HUB: Make Lab
- Location: Manila, Metro Manila, Philippines
- Coordinates: 14°35′56.0″N 120°58′47.3″E﻿ / ﻿14.598889°N 120.979806°E
- Address: First United Building, 413, Escolta Street, Binondo, Manila
- Opening date: 2016
- Owner: Sylianteng family Escolta Commercial Association Inc.
- No. of stores and services: varies
- No. of anchor tenants: 3
- No. of floors: 1
- Public transit access: Carriedo
- Website: HUB:Make Lab

= HUB: Make Lab =

HUB: Make Lab also known as the Hub, is an adaptive reuse, incubator space for creative startups and artists which also acts as an alternative shopping center. Located within the former space occupied by Berg's Department Store in First United Building in Escolta St., Binondo, Manila, Philippines.

Opened in 2016 after the success of the Saturday X Future Market, organized by the artist collective, 98B COLLABoratory along with the increasing foot traffic in Escolta during its first street party known as the Escolta Block Party. HUB: Make Lab is a project of 98B COLLABoratory and the First United Building. In December 2018, it has since then evolved into its own organization serving its creative and action-oriented communities. It has also become a reference for other new creative hubs in the Philippines, one notable example is Pineapple Lab, formerly located in Poblacion, Makati City which was closed down in 2020 due to COVID-19 pandemic.

==History==

Established in 2012, the artist collective 98B COLLABoratory opened its current studio at the mezzanine of the First United Building.
 In 2013, 98B started their monthly Saturday X Future Market as an attempt to revitalize the historic Escolta street.

==Tenants==
HUB: Make Lab is an alternative shopping space where local creatives promote their works and crafts. It also hosted some exhibitions within the spaces as well.

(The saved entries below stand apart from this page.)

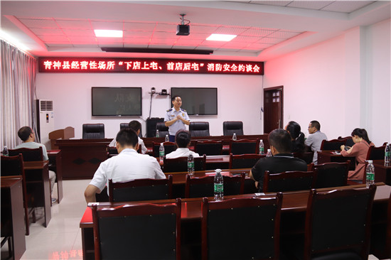 四川新闻网消息(孙苏新 记者 李田)7月14日,青神县消防救援大队组织物业公司及经营性场所开展“上店下宅、前店后宅”消防安全约谈会。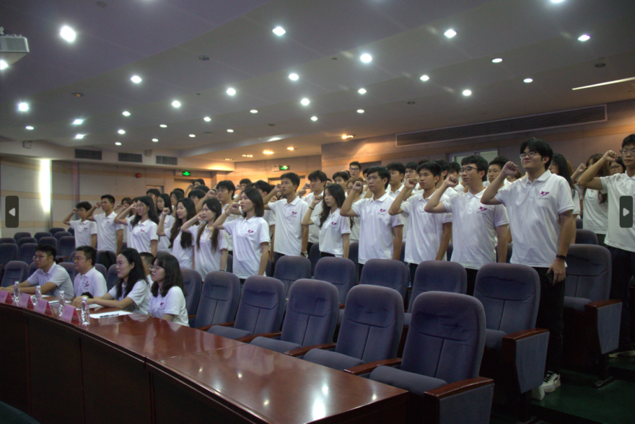 紧接着青马班班主任陈伟鹏老师为学员们介绍青马班概况以及朋辈导师和各位顾问。朋辈导师、学院学生会主席团成员林琪欣带领全体学员进行宣誓。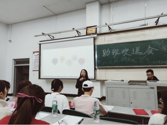 10月13日晚,我院2017级助班欢送会在荟文楼105教室举行。华人策略社区官网网址党总支书记阳静、副书记李星、学生科彭丽冰、罗菲、付陆,17级、18级助班以及2017级全体学生参加了欢送会。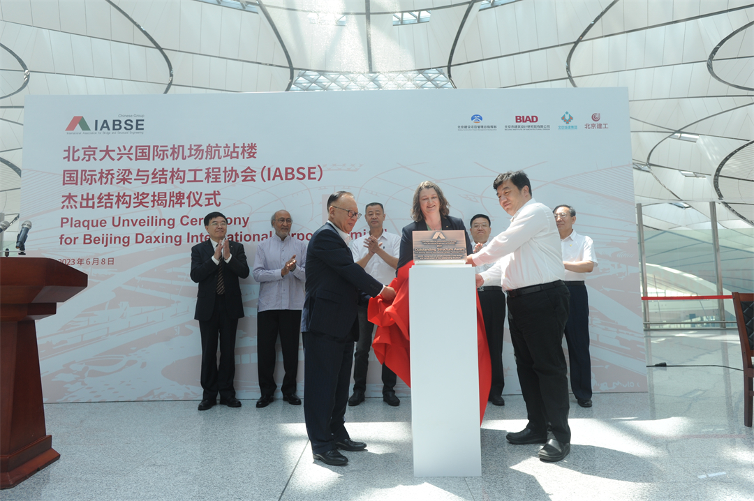 6月8日上午,國際橋梁與結(jié)構(gòu)工程協(xié)會(IABSE)“杰出結(jié)構(gòu)獎”揭牌儀式在北京大興國際機場航站樓舉行,北京大興國際機場航站樓憑借工程建設(shè)中展現(xiàn)的可持續(xù)性、創(chuàng)新性、方案卓越性和結(jié)構(gòu)創(chuàng)新性,獲得“杰出結(jié)構(gòu)獎”。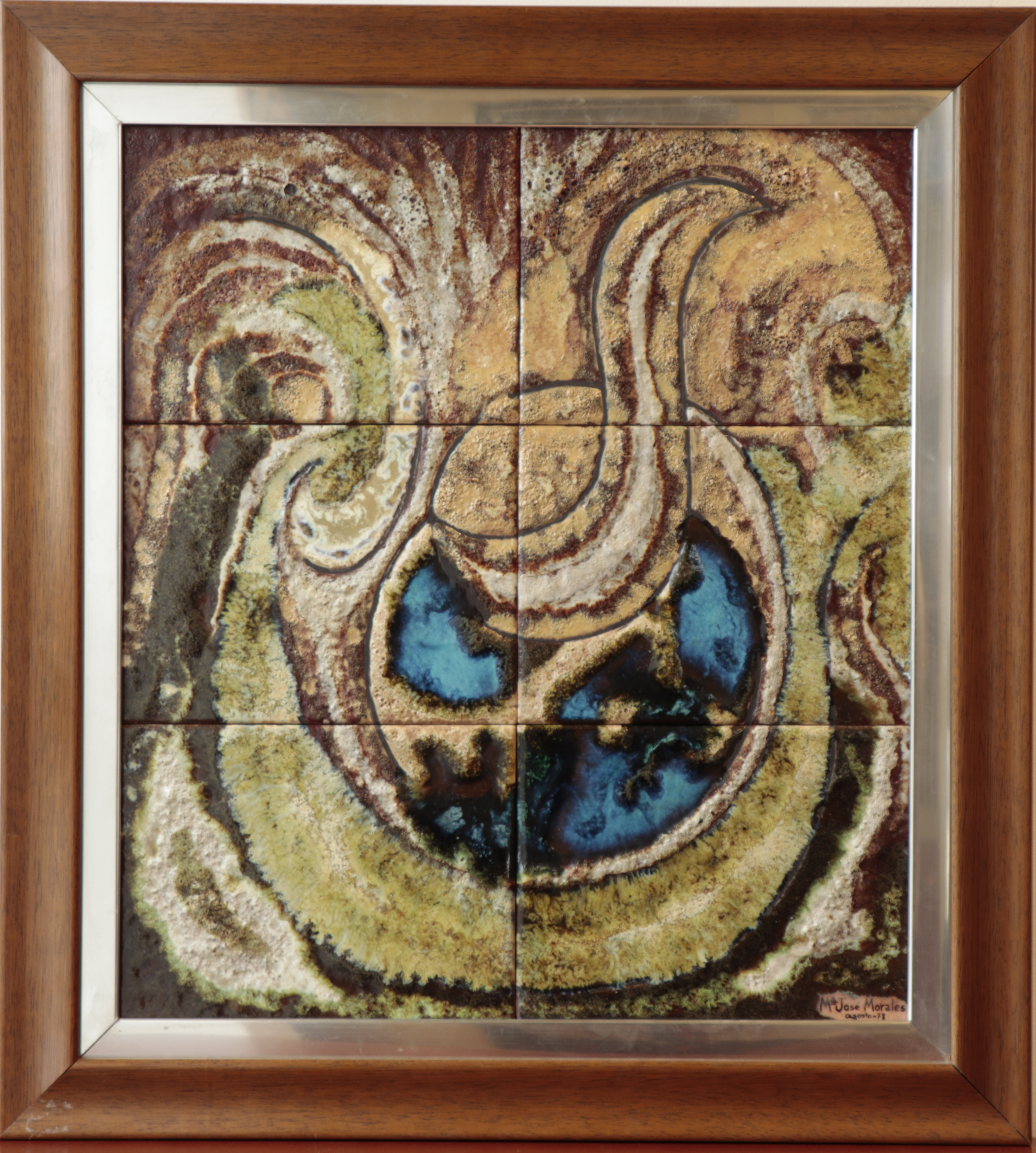 Mediante la conjunción de seis azulejos esmaltados se obtiene un resultado unitario sugerente y lleno de viva expresividad. El juego de curvas y contracurvas se ven reforzadas por la intensa policromía en tonos verdes, ocre y azul, dotando a la obra de gran dinamismo y fuerza.

Each space is leasable ranging from 6.12 to 12.25 square meters and serve 22 businesses.

Alongside its art and culture-focused retail spaces, HUB: Make Lab also has three permanent tenants within the space.

===Fred's Revolución===
Opened its first branch in Cubao Expo, the second branch of Fred's Revolución is a rustic pub located adjacent to HUB itself.

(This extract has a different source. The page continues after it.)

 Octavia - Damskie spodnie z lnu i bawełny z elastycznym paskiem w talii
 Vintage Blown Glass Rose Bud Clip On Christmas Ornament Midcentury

===The Den: Coffee & Contemporary Culture===
The Den is a coffee shop located at the back of First United Building. It also acts as a space where Philippine coffee and contemporary culture intersect through programming that explores art, design, music, lifestyle, emerging communities, and new ideas.

===Folk 1006===
A rustic barbershop derived from the words, Folk which meant common people and 1006, the area code of the Binondo district where Escolta Street is located.